Structural Formula (Sod0o 0000 01)
Sodium Nitroprusside Injection, Solution
Product Images NDC 71288-202
View Photos of Packaging, Regulatory Labels, and Product Appearance
Product Visual Gallery
This gallery contains 4 technical images submitted to the FDA as part of the official labeling for Sodium Nitroprusside (NDC 71288-202). Unlike standard consumer photos, these assets often include clinical data figures, molecular chemical structures, and official manufacturer packaging layouts.
As provided by Meitheal Pharmaceuticals Inc., these visuals offer a comprehensive scientific overview of the product's physical and chemical identity, aiding pharmacists and researchers in product verification and study.
Figure (Sod0o 0000 02)
Principal Display Panel – Sodium Nitroprusside Injection, 50 mg Per 2 mL Vial Label (Sod0o 0000 03)
Principal Display Panel – Sodium Nitroprusside Injection, 50 mg Per 2 mL Carton (Sod0o 0000 04)
Sodium Nitroprusside Injection is a potent drug that must be diluted before intravenous infusion only. It comes in 2mL vials which should be stored in the carton and protected from light.
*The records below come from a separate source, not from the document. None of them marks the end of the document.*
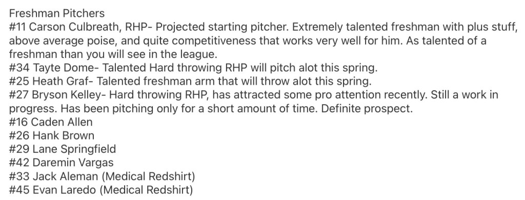 - Kydon Lovell (LHP), 2024: G 10, 1-1, 6.75 ERA, 13.1 IP, 8 H, 16 BB, 11 SO – Highest upside on staff; consistency is key; will start and relieve; “X-factor”
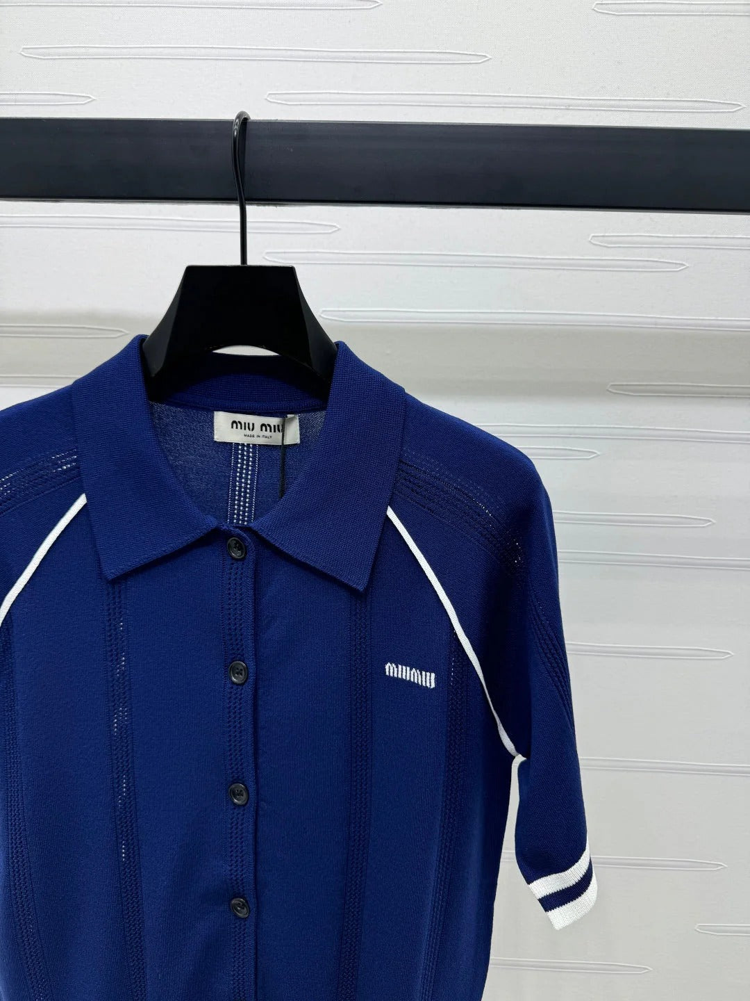 MIU 25S ROUND NECK STRIPED KNIT RAGLAN SHORT SLEEVES 264109
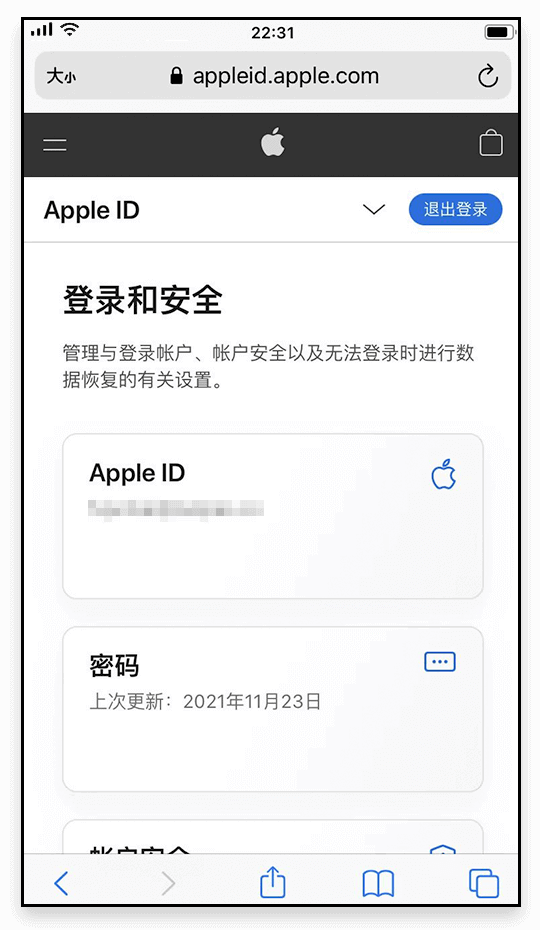 当进入到 <登录和安全> 页面说明您的 <香港 AppleID> 已经注册成功了;

Each vial contains Sodium LIS ST RN protect from light. The dilution should be made with natural rubber latex and each 2mL vial of Nitroprusside USP can be diluted in 250mL to 1000mL of % Sodium ?;::euastngmfi;(:sm7rr). The drug's dosage is provided in the package and it is important to monitor blood pressure before and during infusion. The solution should be discarded 24 hours after administration. This drug is not for direct injection and any unused portion must be discarded.*
* These product label images have been analyzed using experimental machine learning. Please verify findings with the primary label text.